The forecast highlighted the demand, supply, resources, utilization and investment trends in the MENA region, covering both hydrocarbons exporting and importing.
The report also emphasizes that factors such as technological and infrastructural limitations as well as political and economic instabilities positively affect the underutilization of natural resources in eco-rich MENA countries.
Like in Egypt, the political instability plagues the country, whose domestic oil consumption has grown by over 30% over the last decade with government investment budgets of around a $100 billion.
The report underlined the steps taken by the Moroccan government to tap into its hydro and solar resources for power generation in an attempt to meet rising power demands, the growth steadily rising at an average rate of 7%.
Natural gas demand (225 million cubic feet per day) outstrips supply (255 million cubic feet) in Jordan who is dependent on neighboring Egypt for all its gas supplies.

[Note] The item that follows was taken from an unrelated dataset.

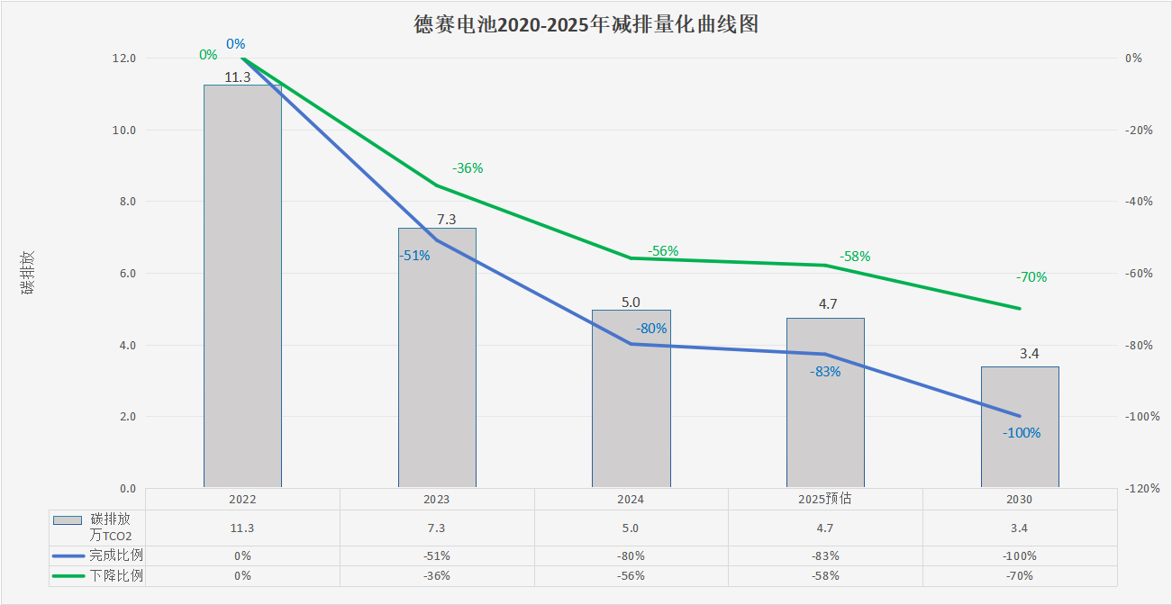 2022年德賽電池(惠南工業(yè)園)的范圍1、2、3碳排放總量約為11.3萬(wàn)噸,德賽電池通過(guò)不懈努力,僅至2024年,公司已成功將碳排放總量削減至約5.0萬(wàn)噸(已完成80%的目標(biāo)),實(shí)現(xiàn)相對(duì)于基準(zhǔn)年碳排放總量56%的顯著減排,2025年預(yù)計(jì)碳排總量約為4.7萬(wàn)噸(預(yù)計(jì)完成83%的目標(biāo)),實(shí)現(xiàn)相對(duì)

Iran also emerges as the leader in natural gas and oil reserves in the MENA region and these resources being key source of foreign exchange income and fiscal revenues. It has also underutilized solar energy that could possibly be used for power generation.
Political infrastructural instability haunts Iraq that has announced $28 billion of investments in power sector.
The report emphasizes the prominent position of the MENA region in the world’s oil and natural gas reserves: 57% collective oil and 41% natural gas reserves collectively but population and economic growth putting added pressure on power generation in the sector.